● **RECORD EXCERPTS**:

▬▬▬

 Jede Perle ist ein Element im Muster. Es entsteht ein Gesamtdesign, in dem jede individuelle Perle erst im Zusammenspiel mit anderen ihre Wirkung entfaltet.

▬▬▬

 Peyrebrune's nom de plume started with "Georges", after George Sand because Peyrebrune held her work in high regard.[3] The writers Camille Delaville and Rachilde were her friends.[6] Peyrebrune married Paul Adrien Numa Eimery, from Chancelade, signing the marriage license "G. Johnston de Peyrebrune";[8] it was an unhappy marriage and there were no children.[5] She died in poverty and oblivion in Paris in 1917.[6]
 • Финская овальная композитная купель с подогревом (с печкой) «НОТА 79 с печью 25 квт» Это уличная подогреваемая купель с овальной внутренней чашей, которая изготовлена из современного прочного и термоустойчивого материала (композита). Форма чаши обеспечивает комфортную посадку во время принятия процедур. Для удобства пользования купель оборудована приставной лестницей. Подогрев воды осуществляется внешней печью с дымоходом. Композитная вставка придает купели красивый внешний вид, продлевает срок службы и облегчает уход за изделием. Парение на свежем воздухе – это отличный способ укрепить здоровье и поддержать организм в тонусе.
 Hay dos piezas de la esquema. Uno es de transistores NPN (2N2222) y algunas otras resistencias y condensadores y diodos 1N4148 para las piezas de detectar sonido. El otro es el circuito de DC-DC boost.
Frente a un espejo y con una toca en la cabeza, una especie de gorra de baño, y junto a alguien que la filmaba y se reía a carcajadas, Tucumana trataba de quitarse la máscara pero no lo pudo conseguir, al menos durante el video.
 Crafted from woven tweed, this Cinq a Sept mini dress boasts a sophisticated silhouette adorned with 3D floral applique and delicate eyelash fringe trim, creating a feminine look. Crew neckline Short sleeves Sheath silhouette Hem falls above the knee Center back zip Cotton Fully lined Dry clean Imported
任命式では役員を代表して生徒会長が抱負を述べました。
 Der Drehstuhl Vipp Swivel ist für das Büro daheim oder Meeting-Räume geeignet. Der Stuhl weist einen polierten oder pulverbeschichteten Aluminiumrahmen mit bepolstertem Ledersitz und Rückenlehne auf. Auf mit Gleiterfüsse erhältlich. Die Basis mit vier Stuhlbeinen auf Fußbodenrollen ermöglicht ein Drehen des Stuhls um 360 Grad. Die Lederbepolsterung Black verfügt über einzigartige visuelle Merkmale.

▬▬▬

● **TASK REQUIREMENTS**: Gather every line from the listing above in which the word "with" appears.

● **TASK RESPONSE**:
 Peyrebrune's nom de plume started with "Georges", after George Sand because Peyrebrune held her work in high regard.[3] The writers Camille Delaville and Rachilde were her friends.[6] Peyrebrune married Paul Adrien Numa Eimery, from Chancelade, signing the marriage license "G. Johnston de Peyrebrune";[8] it was an unhappy marriage and there were no children.[5] She died in poverty and oblivion in Paris in 1917.[6]
 Crafted from woven tweed, this Cinq a Sept mini dress boasts a sophisticated silhouette adorned with 3D floral applique and delicate eyelash fringe trim, creating a feminine look. Crew neckline Short sleeves Sheath silhouette Hem falls above the knee Center back zip Cotton Fully lined Dry clean Imported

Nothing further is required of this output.